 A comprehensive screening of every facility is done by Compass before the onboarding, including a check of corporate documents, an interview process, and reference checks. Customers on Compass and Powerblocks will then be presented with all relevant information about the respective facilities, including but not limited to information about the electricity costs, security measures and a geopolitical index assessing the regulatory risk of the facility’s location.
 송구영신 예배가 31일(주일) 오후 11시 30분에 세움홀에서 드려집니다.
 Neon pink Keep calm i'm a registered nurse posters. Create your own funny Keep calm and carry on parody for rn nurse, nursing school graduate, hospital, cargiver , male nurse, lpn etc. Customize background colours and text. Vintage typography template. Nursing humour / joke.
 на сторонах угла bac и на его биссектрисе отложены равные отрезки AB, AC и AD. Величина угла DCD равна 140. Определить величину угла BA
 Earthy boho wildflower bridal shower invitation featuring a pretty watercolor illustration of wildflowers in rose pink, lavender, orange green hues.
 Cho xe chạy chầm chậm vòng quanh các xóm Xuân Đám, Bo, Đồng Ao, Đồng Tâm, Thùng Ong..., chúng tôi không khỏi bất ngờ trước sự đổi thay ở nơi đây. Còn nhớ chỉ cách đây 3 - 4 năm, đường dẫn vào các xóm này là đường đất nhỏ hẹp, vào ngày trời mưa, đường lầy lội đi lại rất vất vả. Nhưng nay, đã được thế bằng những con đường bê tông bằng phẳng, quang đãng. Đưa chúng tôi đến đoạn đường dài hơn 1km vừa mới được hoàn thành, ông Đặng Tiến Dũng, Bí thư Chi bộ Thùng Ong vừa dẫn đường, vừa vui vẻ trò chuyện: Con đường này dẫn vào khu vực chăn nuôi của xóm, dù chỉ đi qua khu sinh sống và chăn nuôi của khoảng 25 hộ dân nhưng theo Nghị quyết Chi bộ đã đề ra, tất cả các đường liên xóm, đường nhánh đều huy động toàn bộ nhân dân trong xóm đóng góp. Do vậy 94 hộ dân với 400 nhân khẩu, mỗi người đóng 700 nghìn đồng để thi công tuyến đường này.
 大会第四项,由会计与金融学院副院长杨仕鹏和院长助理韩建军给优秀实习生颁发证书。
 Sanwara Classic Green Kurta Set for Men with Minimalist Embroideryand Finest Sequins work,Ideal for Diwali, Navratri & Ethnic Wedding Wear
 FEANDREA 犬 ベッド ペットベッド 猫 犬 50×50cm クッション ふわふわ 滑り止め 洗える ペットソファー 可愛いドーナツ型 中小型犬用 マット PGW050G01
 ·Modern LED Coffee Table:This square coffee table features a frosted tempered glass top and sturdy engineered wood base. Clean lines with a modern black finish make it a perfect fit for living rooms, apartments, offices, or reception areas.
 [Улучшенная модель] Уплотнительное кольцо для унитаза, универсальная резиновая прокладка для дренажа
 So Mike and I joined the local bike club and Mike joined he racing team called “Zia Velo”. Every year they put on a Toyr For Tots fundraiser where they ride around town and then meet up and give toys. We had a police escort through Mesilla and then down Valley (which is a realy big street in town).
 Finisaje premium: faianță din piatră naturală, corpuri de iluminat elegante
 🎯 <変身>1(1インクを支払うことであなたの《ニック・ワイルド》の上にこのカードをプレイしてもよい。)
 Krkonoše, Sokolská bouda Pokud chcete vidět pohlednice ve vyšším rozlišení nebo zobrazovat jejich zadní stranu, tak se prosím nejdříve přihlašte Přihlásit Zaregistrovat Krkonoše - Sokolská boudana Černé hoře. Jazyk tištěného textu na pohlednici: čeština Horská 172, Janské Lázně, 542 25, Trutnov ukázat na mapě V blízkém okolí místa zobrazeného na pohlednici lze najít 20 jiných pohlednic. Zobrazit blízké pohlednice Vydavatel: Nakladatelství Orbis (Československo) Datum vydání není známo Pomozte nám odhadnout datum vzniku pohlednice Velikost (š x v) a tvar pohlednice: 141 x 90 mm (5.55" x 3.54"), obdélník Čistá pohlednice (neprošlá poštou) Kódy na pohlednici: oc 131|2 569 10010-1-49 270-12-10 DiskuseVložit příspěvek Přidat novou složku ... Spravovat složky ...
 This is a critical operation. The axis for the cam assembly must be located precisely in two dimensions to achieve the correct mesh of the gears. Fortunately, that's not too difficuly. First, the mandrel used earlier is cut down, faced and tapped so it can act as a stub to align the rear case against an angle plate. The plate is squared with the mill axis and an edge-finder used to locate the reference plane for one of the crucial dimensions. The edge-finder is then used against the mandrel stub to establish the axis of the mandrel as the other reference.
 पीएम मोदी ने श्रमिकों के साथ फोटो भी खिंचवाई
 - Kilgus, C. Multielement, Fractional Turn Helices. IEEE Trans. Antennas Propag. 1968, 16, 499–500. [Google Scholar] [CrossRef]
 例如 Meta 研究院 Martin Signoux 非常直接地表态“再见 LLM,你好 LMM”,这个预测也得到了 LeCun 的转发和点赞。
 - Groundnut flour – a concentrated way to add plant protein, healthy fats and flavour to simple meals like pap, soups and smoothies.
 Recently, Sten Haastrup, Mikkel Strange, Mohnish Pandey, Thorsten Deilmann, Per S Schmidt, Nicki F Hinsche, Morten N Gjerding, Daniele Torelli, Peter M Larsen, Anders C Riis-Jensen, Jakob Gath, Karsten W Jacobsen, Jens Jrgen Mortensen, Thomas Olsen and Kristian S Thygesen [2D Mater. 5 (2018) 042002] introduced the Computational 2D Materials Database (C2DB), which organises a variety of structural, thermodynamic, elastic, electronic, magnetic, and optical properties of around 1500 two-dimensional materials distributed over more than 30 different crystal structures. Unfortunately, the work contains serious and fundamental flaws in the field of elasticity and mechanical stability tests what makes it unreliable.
○ ○ ○ ○ ○
__What you will do__: In the listing, find every line containing the word "pink" and list it.

__Problem solution__:
 Neon pink Keep calm i'm a registered nurse posters. Create your own funny Keep calm and carry on parody for rn nurse, nursing school graduate, hospital, cargiver , male nurse, lpn etc. Customize background colours and text. Vintage typography template. Nursing humour / joke.
 Earthy boho wildflower bridal shower invitation featuring a pretty watercolor illustration of wildflowers in rose pink, lavender, orange green hues.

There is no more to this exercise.